A summary of the report released Tuesday said the FBI official “accepted two tickets to a professional sports game as a gift from a television news correspondent who regularly covered the FBI and DOJ, in violation of federal regulations.” (RELATED: Senior FBI Official Lied About Accepting Sports Tickets From Reporters)

The official also accepted tickets from a second reporter, but lied to investigators about both exchanges.

“The senior FBI official initially maintained to the OIG in an interview under oath that the official had paid for the tickets, but five days later admitted to the OIG that the official did not.

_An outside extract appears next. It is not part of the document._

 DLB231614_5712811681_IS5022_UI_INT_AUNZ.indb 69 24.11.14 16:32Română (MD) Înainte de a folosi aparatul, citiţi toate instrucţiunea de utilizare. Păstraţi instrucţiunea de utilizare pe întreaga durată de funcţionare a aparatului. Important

The OIG found that the senior FBI official lacked candor with the OIG in several respects about the tickets,” reads the report.

The official resigned from office during the probe and is not being recommended for prosecution.

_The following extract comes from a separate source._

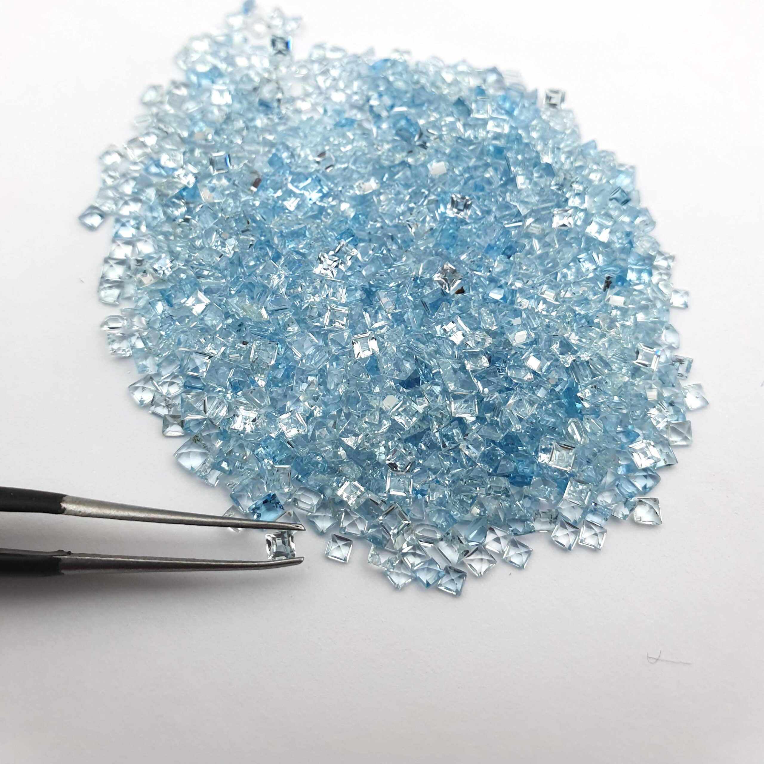 Natural Blue Topaz Mix Size Square Cut Loose Gemstone Lot 295 Pcs 2-3 MM 25 CT

The OIG, led by Michael Horowitz, has uncovered numerous examples of impropriety at the FBI during an investigation into the bureau’s handling of its two most high-profile investigations, the Hillary Clinton email and the Trump-Russia probes.

Justice Department Inspector General Michael Horowitz testifies during a Judiciary Committee hearing into alleged Russian meddling in the 2016 election on Capitol Hill in Washington, U.S., July 26, 2017. REUTERS/Aaron P. Bernstein

Justice Department Inspector General Michael Horowitz testifies during a Judiciary Committee hearing on July 26, 2017. REUTERS/Aaron P. Bernstein

Horowitz’s office discovered anti-Trump text messages exchanged between FBI officials Peter Strzok and Lisa Page. Strzok, who oversaw the Trump-Russia probe, was removed from the special counsel’s investigation in July 2017 over the texts. He was fired on Aug. 13.

Page, an FBI attorney, resigned from the FBI on May 4.

Former FBI Deputy Director Andrew McCabe was also fired because of the results of the OIG probe.

The OIG determined that McCabe displayed a lack of candor under oath when asked whether he authorized leaks to The Wall Street Journal in October 2016 about an investigation into Hillary Clinton’s family foundation.